I was helping one of my 13 year old swimmers to position his head and time his breathing better while he was practicing the UnderSwitch drill. He’s got a neurological impairment (cerebral palsy), but definitely no mental one. He’s full of daydreams and ideas and sometimes his mind seems to wonder out the window of the pool area. We work one-on-one but even then he sometimes gets this far off look and I wonder if he has registered what I’ve just said. But then the next moment he’ll plunge into the drill and show that he’s right on our chosen focus point.

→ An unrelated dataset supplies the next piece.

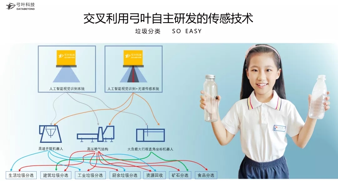 編輯從采訪中了解到,在中國政府尚未開展垃圾分類工作之前,莫卓亞便帶領(lǐng)一支由香港科大、西安交通大學(xué)、中國人民大學(xué)、哈爾濱工業(yè)大學(xué)的博士、碩士共同組成的研發(fā)團(tuán)隊,深入國內(nèi)數(shù)十個固廢處理廠,通過近三年時間,完成大數(shù)據(jù)采集、標(biāo)注,構(gòu)建了第一個固廢大數(shù)據(jù)庫。有了龐大的固廢大數(shù)據(jù)庫,再結(jié)合團(tuán)隊自主研發(fā)的弓葉云平臺、Multi-Sensor融合技術(shù)、機(jī)器人本體設(shè)計和驅(qū)控一體技術(shù)、以及Ai識別技術(shù),弓葉科技推出了第一臺人工智能垃圾分揀機(jī)器人PiCKiNG Ai®。緊接著,弓葉科技推出了第一臺基于人工智能的高速噴氣式光選機(jī)FASToAi™,高速皮帶機(jī)最高時速可達(dá)6.5m/s,最大處理量可達(dá)50噸/小時。

Today we’d just got done focusing on ‘patient hand’ while switching underwater. I was advising him to finish the stroke, then, once the arm was coming to rest at the side and he was feeling balanced, to turn his shoulder slightly, turn chin to shoulder to breath- because he had a tendency to rush to the next breath, tilting the head back which sent a crook in his body line, and sunk his feet. Then he looked up and grinned and said as if I’d told him a hundred times, “Oh, you mean a patient neck.”
Uh, yeah. That’s exactly right! A ‘patient neck’. He had connected the concepts on his own, put it in his own words. He was improving wonderfully each week, but I didn’t realize how much he was really processing the concepts I shared each session. These are one of the more satisfying moments of a teacher’s day.
And sure enough, he glided into the next lap with a much more patient neck, keeping his balance, body line and his momentum.